Je vis que certains n'avaient pas annoncé sous son jour véritable le message: "Vendez ce que vous possédez, et donnez-le en aumônes." Ils n'avaient pas présenté clairement la signification de ces paroles du Sauveur. Le but à atteindre en vendant n'est pas de subvenir aux besoins de ceux qui sont capables de le faire eux-mêmes, mais de répandre la vérité. C'est un péché d'entretenir et d'encourager la paresse de ceux qui peuvent travailler. Il en est qui ont été zélés pour assister à toutes les assemblées, non pour glorifier Dieu, mais pour des "pains et des poissons". Ils auraient mieux fait de rester chez eux et de travailler de leurs mains à "ce qui est bien" pour subvenir aux besoins des leurs et avoir quelque chose à donner pour soutenir la cause de la vérité présente. C'est le moment aujourd'hui de s'amasser un trésor dans le ciel et de mettre son cœur au large, afin d'être prêts pour le temps de trouble. Ceux-là seulement dont les mains seront pures et les cœurs droits pourront 58supporter ce temps d'épreuve. C'est aujourd'hui qu'il faut avoir la loi de Dieu écrite dans nos esprits, sur nos fronts et dans nos cœurs.

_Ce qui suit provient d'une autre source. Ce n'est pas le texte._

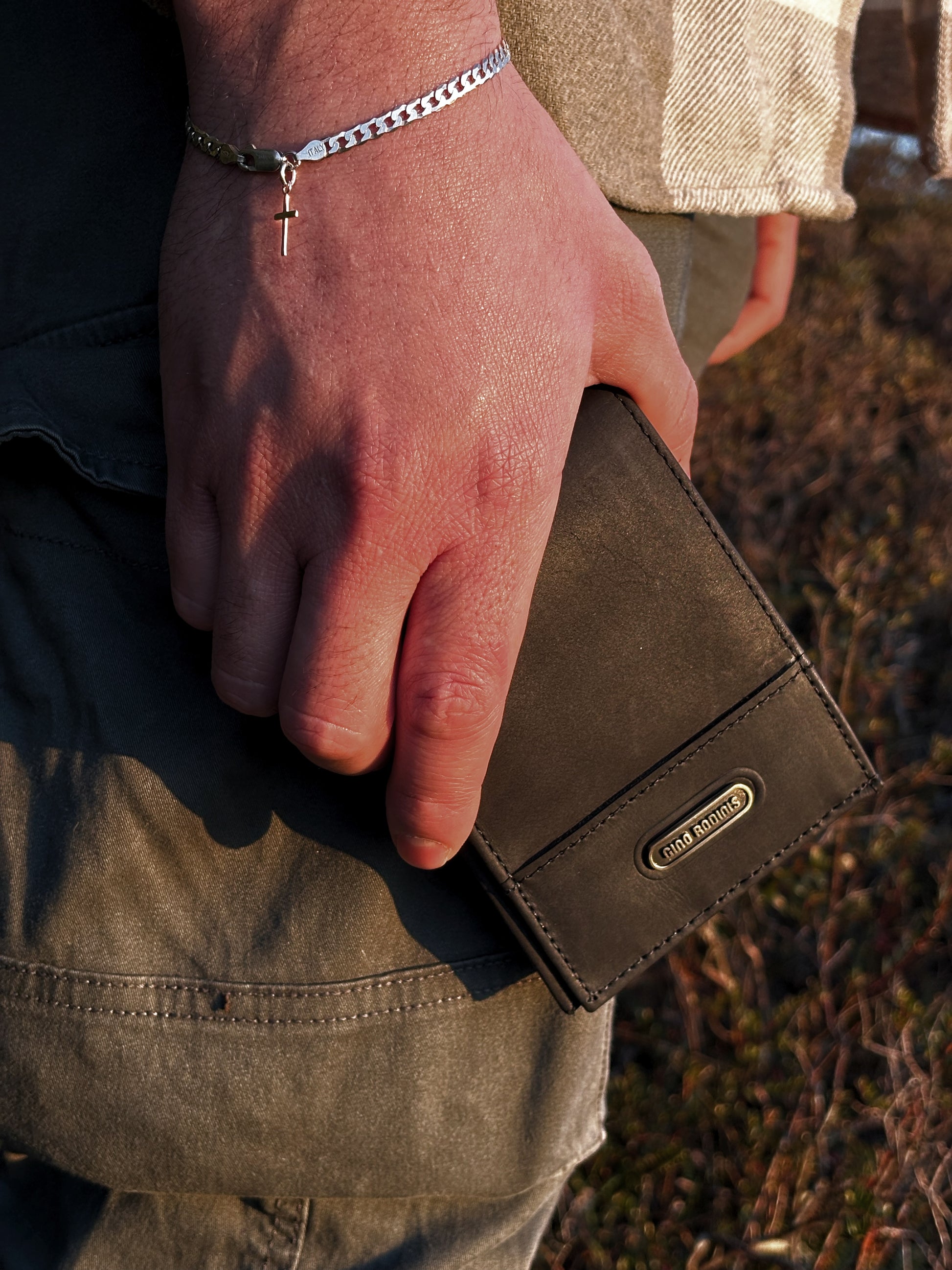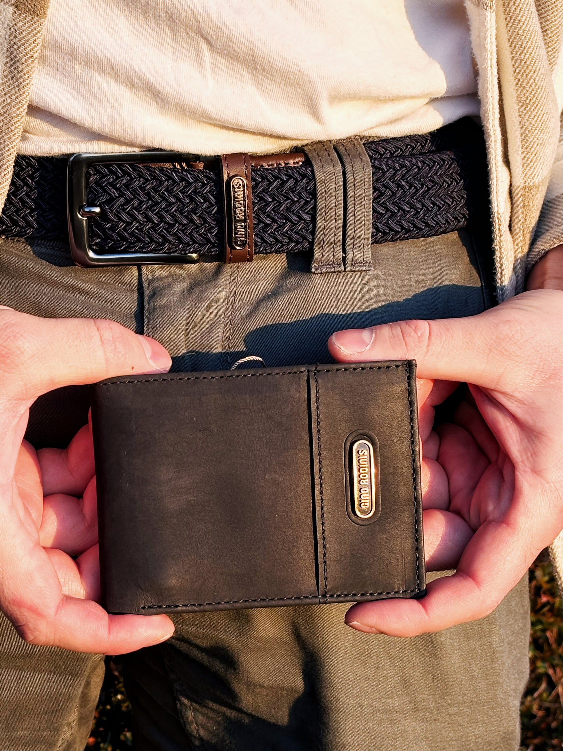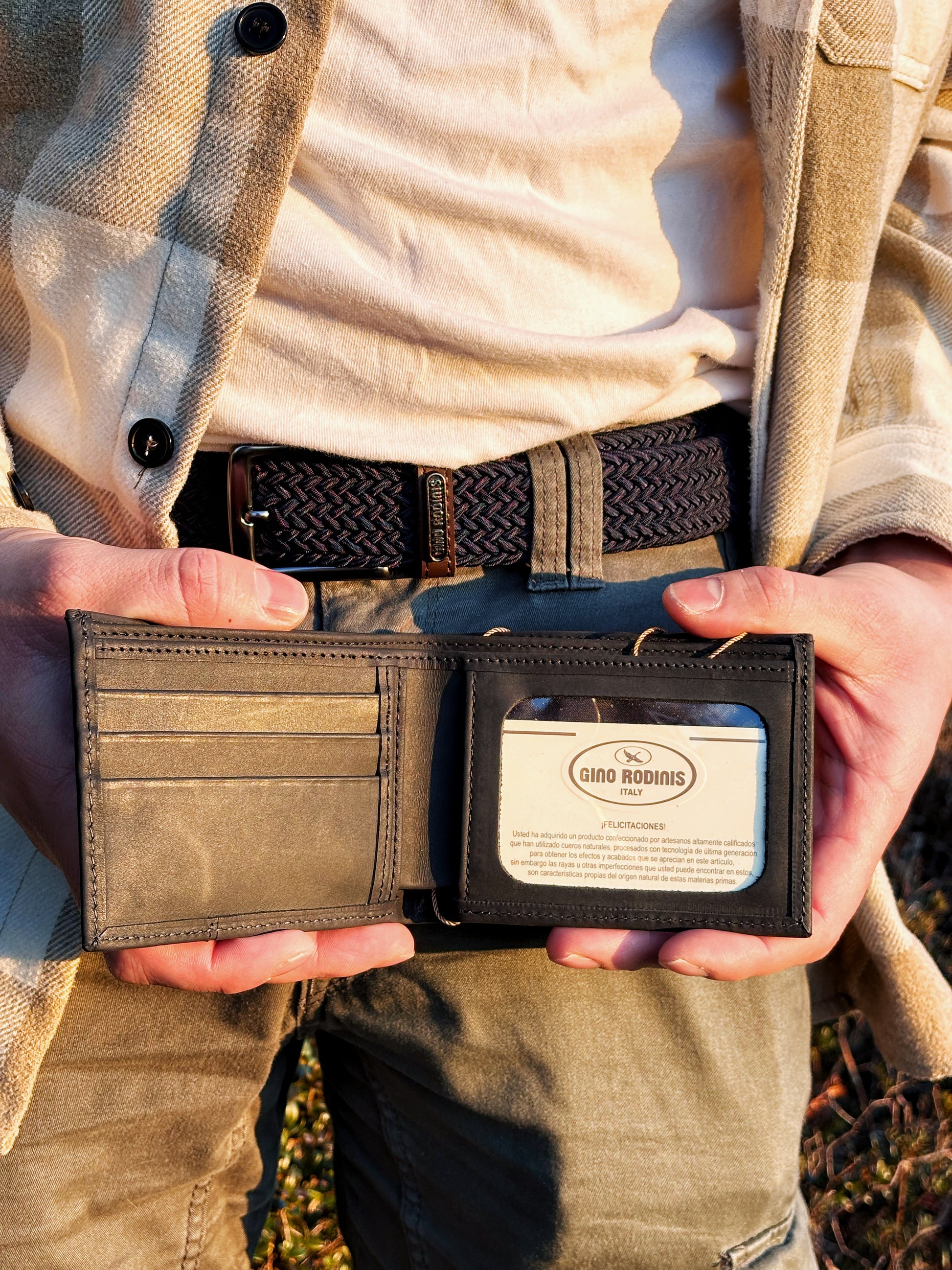 Confeccionada en cuero graso de alta calidad, esta billetera ofrece durabilidad y un estilo atemporal. Su interior cuenta con 3 compartimientos para tarjetas de crédito, 3 divisiones independientes (una de ellas con mica) y un espacio doble para billetes.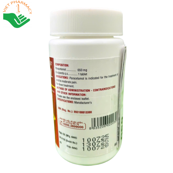 Paracetamol được chỉ định để điều trị các cơn đau nhẹ đến trung bình. Hạ sốt.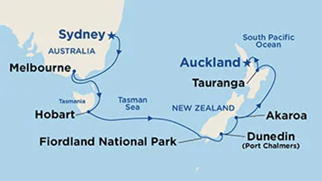 Sydney - Melbourne - Hobart - Fiordland National Park - Dunedin (Port Chalmers) - Akaroa - Tauranga - Auckland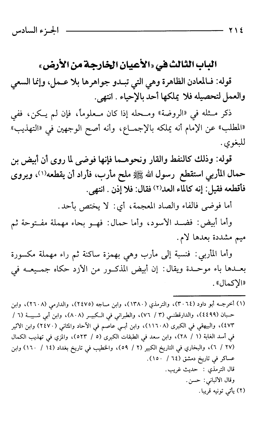 الباب الثالث في "الأعيان الخارجة من الأرض"
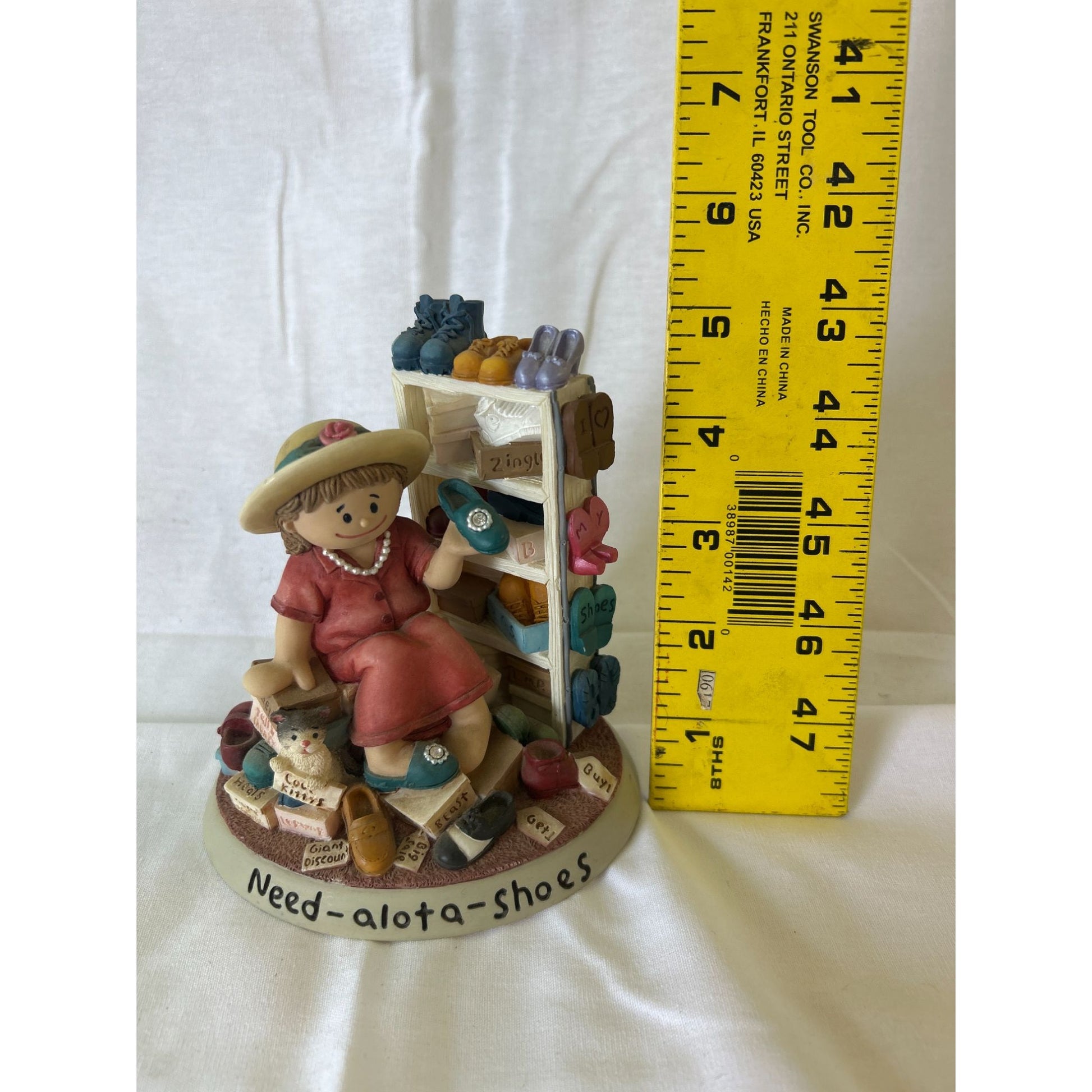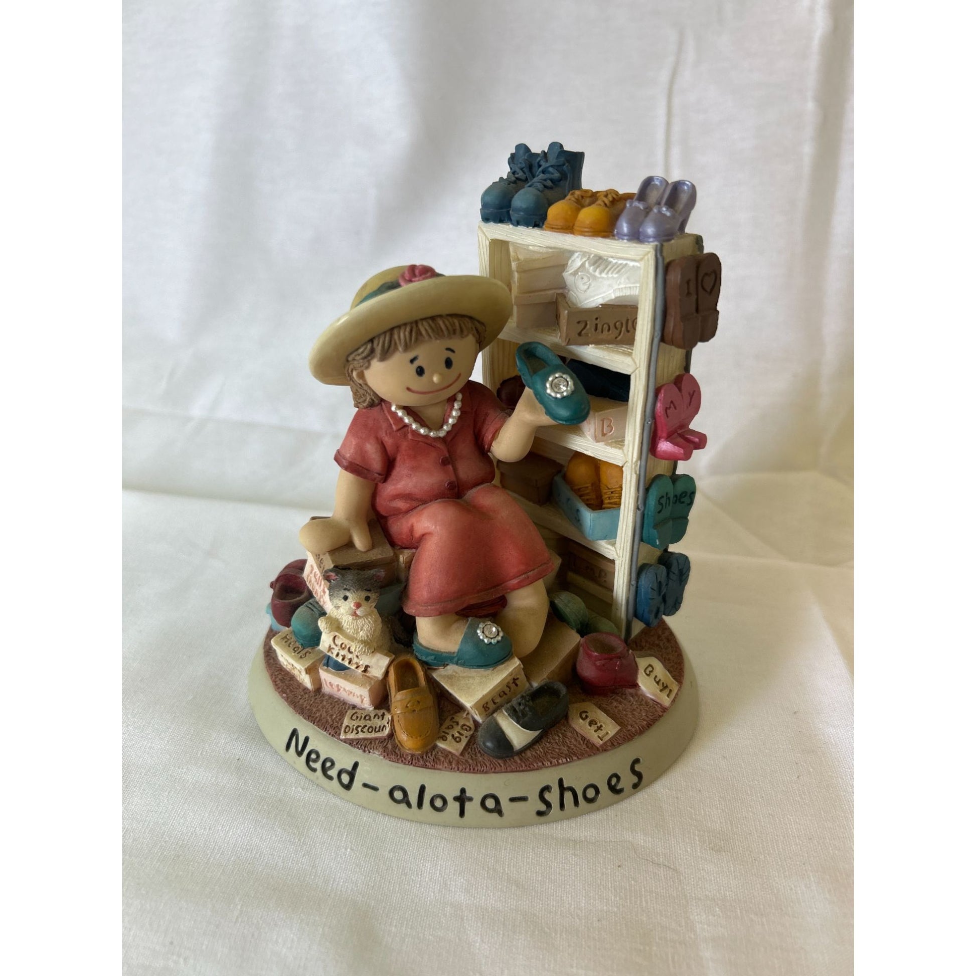 This figurine depicts a whimsical woman surrounded by shoes, capturing a lighthearted charm. Ideal for collectors or unique home decor.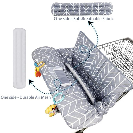 ICOPUCA Shopping Cart Cover for Baby, 2 in 1 cart Cover for Babies N high Chair Cover, Padded Grocery cart seat Cover for Baby Girl boy, with Extra Detachable Cushion, Grey;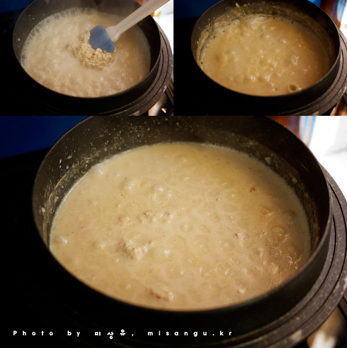 3. 약불에서 걸죽하게 끓여 줍니다.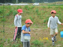 | いもほりを終わった子どもたちは, 虫探しに夢中になっています。 ちゃんと虫かごも持ってきていま すね。 |
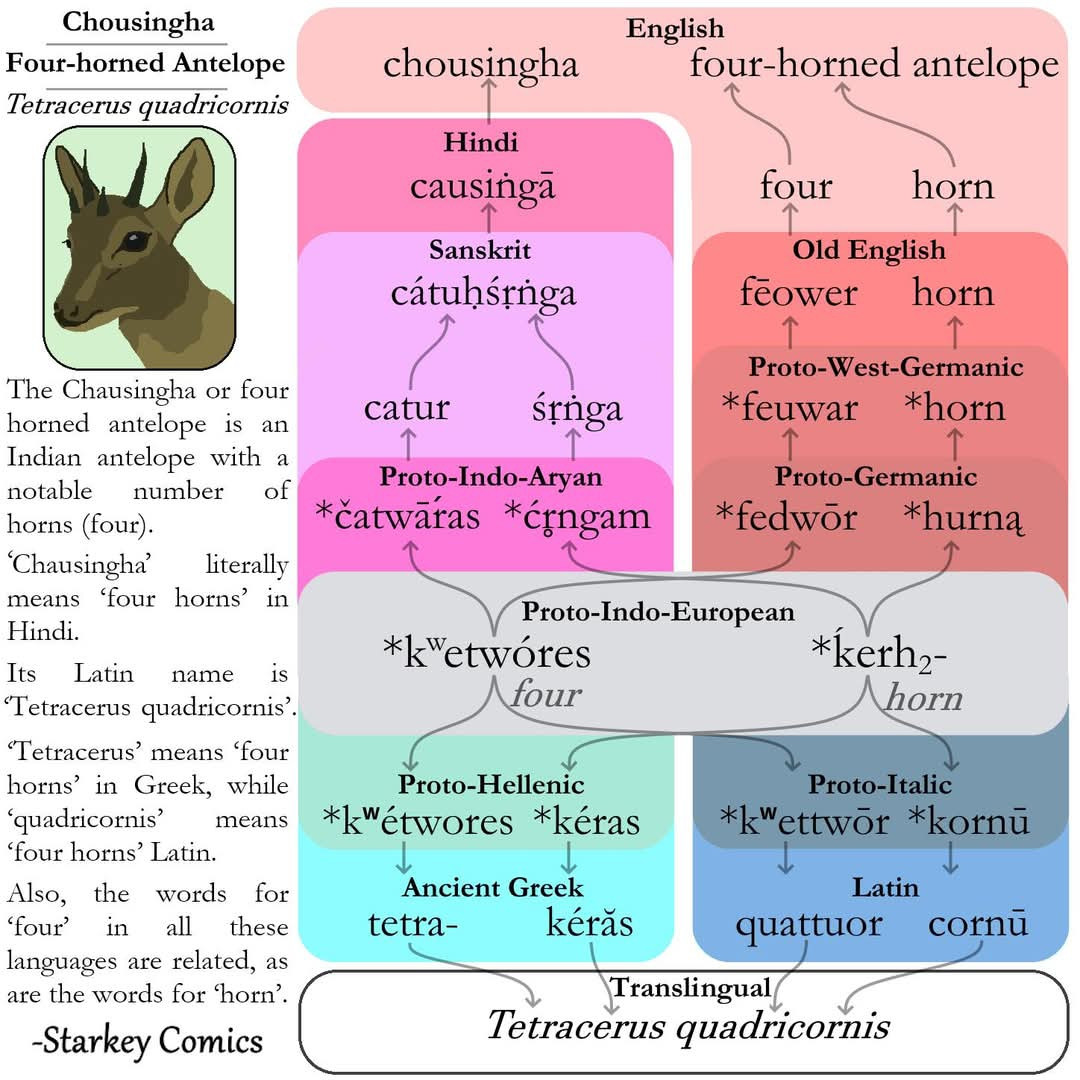 - Ryan Starkey of Starkey Comics never disappoints with his infographics. Here's a fun one about the etymology/etymologies for Tetracerus quadricornis, the four-horned antelope: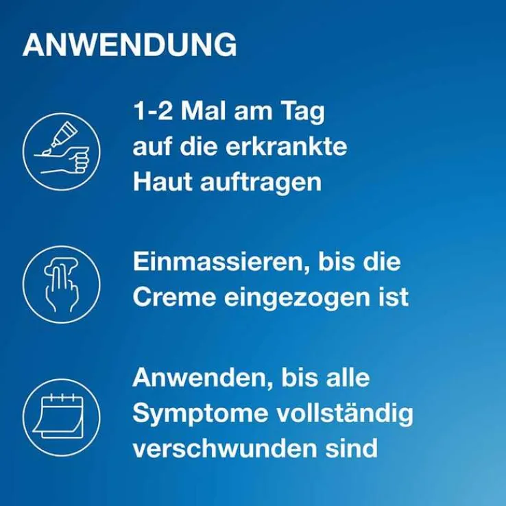 eine ausreichende Menge Creme auf die erkrankte Haut und die umgebende Hautfläche (ca. 1 – 2 cm) auf. Massieren Sie die Creme mit den Fingern solange ein, bis sie eingezogen ist.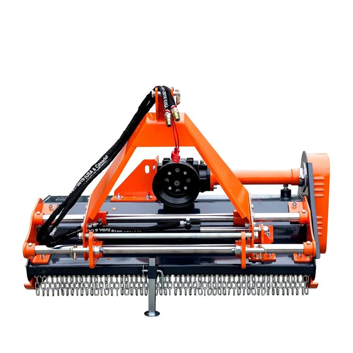The TMG-TFMS50 Side Shift Flail Mower makes the cutting of uneven, overgrown and sloped terrain efficient and easy to do. Tough, matted grass and weeds are no match for this mower's heavy duty 660 lb frame and forged flail hammers that chew up anything in their path. A hydraulically controlled side shifting offset can move approximately 14” to trim under low, overhanging tree branches or bushes and maintain hard to reach areas of all kinds. Compatible with 20-50 HP tractors and Category 1 three point hitch or Quick-Hitch systems for the ultimate attachment needed at your home, farm or commercial property. The 49” of working width makes the reclaiming or maintenance of a large yard enjoyable, dynamic and cost-effective. Forget the hassle of traditional rotary mowers that constantly jam and clog on unconventional ground. This flail mower chews up wild growth and turns it into a nicely sized mulch that gets distributed evenly out the back with no need for extra, unnecessary clean up. Treat yourself and visitors to an always fresh and presentable welcome with this mower's effortless maneuverability around difficult contours and angled lineaments. The three-point hitch system has been designed for front to back flotation that produces a consistent, clean cut that looks groomed and professional. Blade rotor shaft driven with three drive belts and protective guards give the owner of this mower a safe and powerful operating experience. This is an ideal product for the restoration and upkeep of roadways, building sites, pitched grounds, farm, ranch and residential lands. |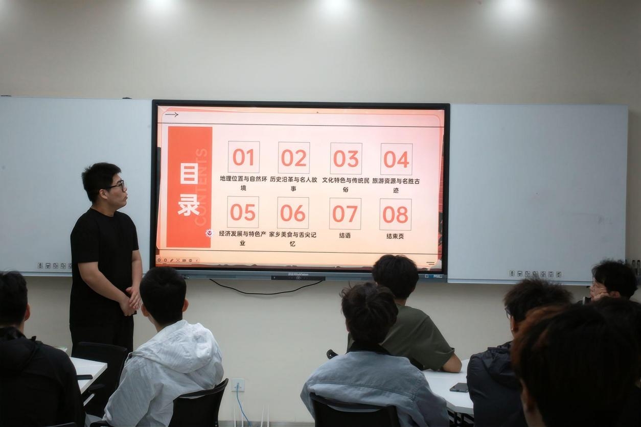 刘海鑫以影像展播的形式开启了介休文化之旅,围绕“听家乡故事、品家乡风物、见家乡新变”三大板块,引导同学们在文化溯源中筑牢乡土情怀。“听家乡故事”板块,他讲解了介休的自然风貌、历史沿革与名人故事,展现“三贤故里”的深厚底蕴。“品家乡风物”部分,他着重介绍了担担面、贯馅糖等承载着介休人民乡愁记忆的特色美食,让同学们对家乡的风物有了更深刻的认识。“见家乡新变”部分,他还向大家介绍了焦化产业集群、非遗琉璃技艺等现代发展成果。

Le Seigneur m'a montré le danger que nous courons en permettant à nos esprits d'être remplis de pensées et de soucis mondains. J'ai vu que quelques-uns se laissaient détourner de la vérité présente et de l'amour de la Bible par la lecture de livres excitants. D'autres se préoccupent énormément de ce qu'ils mangeront, boiront ou porteront. Il en est aussi qui attendent la venue du Christ pour un avenir trop lointain. Le temps a duré quelques années de plus qu'ils ne s'y attendaient; par conséquent ils croient que cela peut durer encore bien des années. C'est ainsi que leurs esprits ont été détournés de la vérité présente pour s'occuper des choses de ce monde. J'ai vu qu'il y avait là un grand danger; car si l'esprit est rempli d'autres choses, la vérité présente en sera chassée, et il ne restera plus de place sur les fronts pour y apposer le sceau du Dieu vivant. J'ai vu que le temps où Jésus doit officier dans le lieu très saint est sur le point de finir, et que sa venue est très proche. Nous devrions employer tous nos loisirs à sonder la Bible, qui nous jugera au dernier jour.

Mes chers frères et sœurs, pensons constamment aux commandements de Dieu et au témoignage de Jésus, et laissons-les repousser nos soucis mondains. Qu'ils soient l'objet de vos méditations quand vous vous couchez et quand vous vous levez. Vivez et agissez toujours en vue de la venue du Fils de l'homme. Le temps du scellement est très court, et sera bientôt dans le passé. Aujourd'hui, alors que les quatre anges retiennent les quatre vents, assurons notre vocation et notre élection.